> _What to work on_: Copy out, from the data below, each line in which the word "para" occurs.

> _Records supplied_:
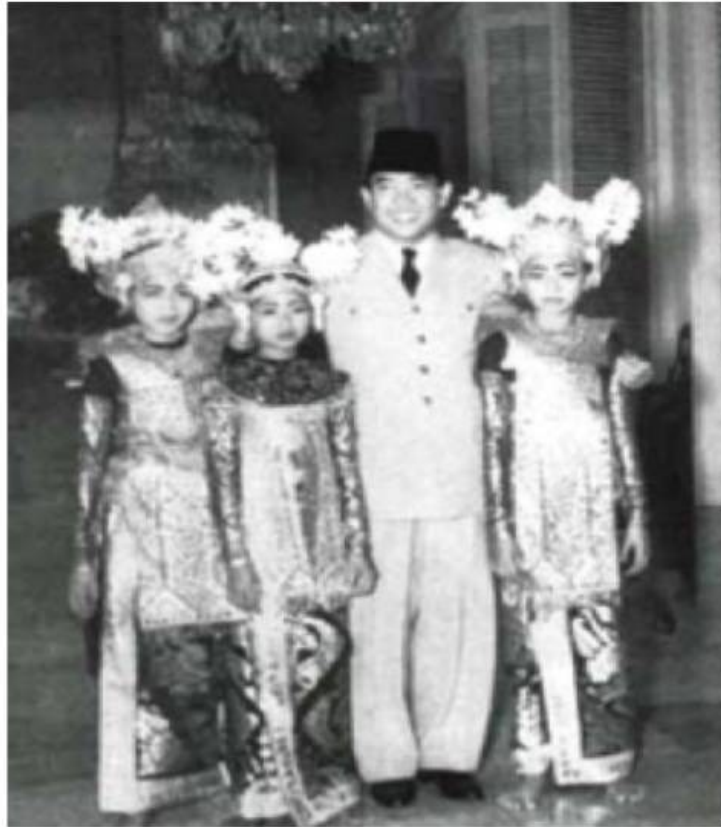
Bung Karno dengan para penari Legong

Kunjungan pejabat negara ke Gianyar selalu memicu berkembangnya berbagai kreativitas seni dan yang paling pokok dipikirkan oleh para seniman seni pertunjukan adalah menciptakan tari penyambutan agar tidak menggunakan tari sakral. Tari pendet adalah tari Sakral, sehingga muncul tari Gabor yang diciptakan oleh I Gusti Gede Raka dari Saba, Gianyar, yang kemudian di sepuhkan lagi, terutama tabuhnya oleh bapak I Wayan Berata. Dengan adanya pergolakan politik tahun 1964, antara Partai Komunis Indonesia (PKI) dengan Partai Nasionalisme Indonesia, muncul seni pertunjukan
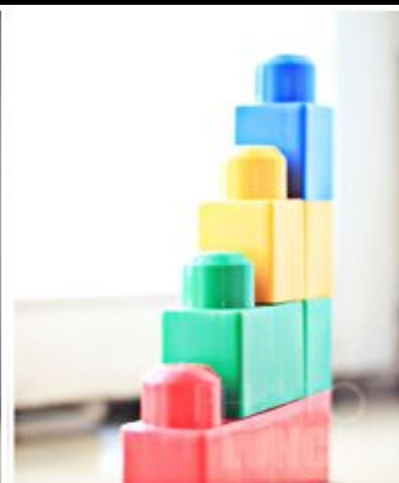
Переэкспонированный кадр EV +2
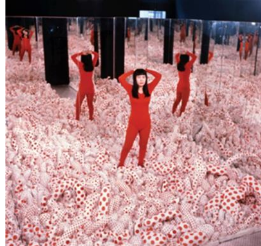
Görsel 10. Yayoi Kusama “Sonsuzluk Aynalı Oda”, 1965. Floor Show'da, Castellane Gallery, New York, Doldurulmuş pamuklu kumaş, tahta ve aynalar.
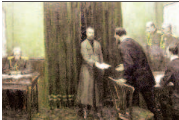
Николай II вручает манифест об отречении от престола
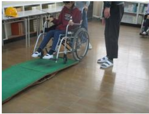
車いす体験～踏切版を坂道と想定
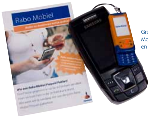
Gratis Rabo Mobiel Flasher en prijsvraag.

Alles wat thematisch is, ligt voor jaren vast. Daar gaat het immers om bij het opbouwen van naamsbekendheid en imago, en daar is tijd voor nodig. Keyword van actiemarketing is juist flexibiliteit. Met actiemarketing kan een bedrijf zich niet alleen onderscheiden, maar ook op korte termijn resultaat behalen op gebieden als loyalty en sales. Want actiemarketing is gericht op het beïnvloeden van gewenst gedrag. 'Actiemarketing stelt organisaties in staat klanten te binden en nieuwe te acquireren. Organisaties zoeken naar manieren om zich te onderscheiden en vinden die in actiecampaagnes,' aldus twee conclusies uit een onderzoek van de Rijksuniversiteit Groningen (2007).
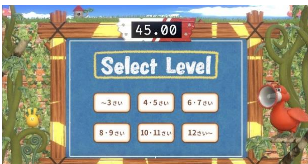
年齢にあわせて体験レベルを選択

体験レベルは「3歳以下」から「12歳以上」まで6段階が用意され、体験後には「反応力」「英語力」「手の操作力（左）」「手の操作力（右）」の4つの指標によるスコアが表示されます。家族や友達と比べてみたり、繰り返し挑戦してスコアアップを目指したり、遊び体験を通じて自然に英語と触れ合うことができます。
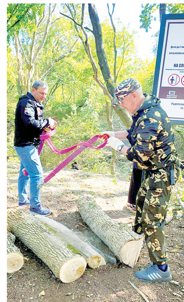
Во время субботника.

При этом мы стремимся создавать максимально праздничную атмосферу на наших мероприятиях. И у нас это очень хорошо получается. Видя как абсолютно неизвестные друг другу люди общаются, помогают друг другу, веселятся, мы в первый же наш субботник, поняли, что теперь нам необходимо сделать подобные акции доброй традицией всех аксайчан. Мне кажется, первый субботник вдохновил и замотивировал нас на многие годы вперед.
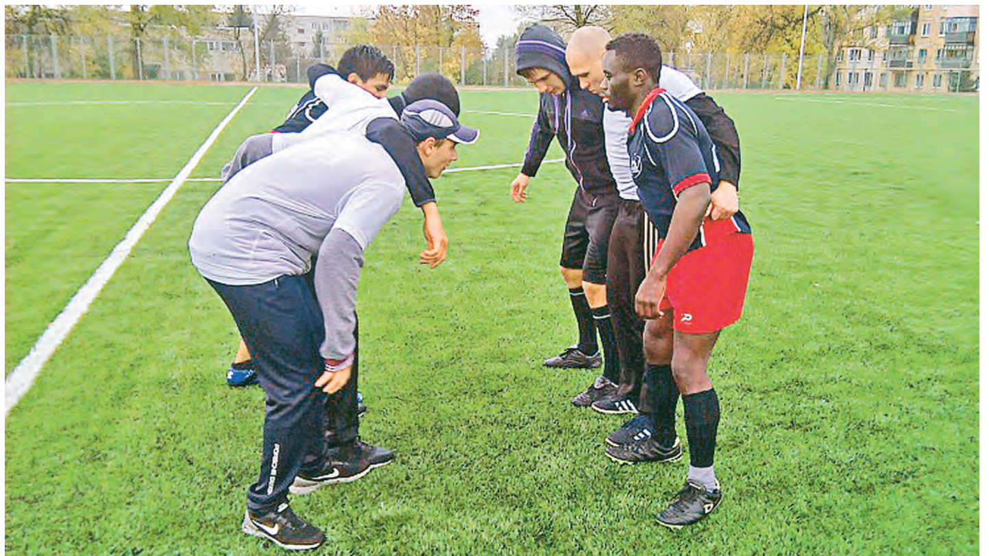
На губкинское поле вышли и наши, и регбисты из жаркой Африки.

> _Exercise solution_:
Bung Karno dengan para penari Legong
Kunjungan pejabat negara ke Gianyar selalu memicu berkembangnya berbagai kreativitas seni dan yang paling pokok dipikirkan oleh para seniman seni pertunjukan adalah menciptakan tari penyambutan agar tidak menggunakan tari sakral. Tari pendet adalah tari Sakral, sehingga muncul tari Gabor yang diciptakan oleh I Gusti Gede Raka dari Saba, Gianyar, yang kemudian di sepuhkan lagi, terutama tabuhnya oleh bapak I Wayan Berata. Dengan adanya pergolakan politik tahun 1964, antara Partai Komunis Indonesia (PKI) dengan Partai Nasionalisme Indonesia, muncul seni pertunjukan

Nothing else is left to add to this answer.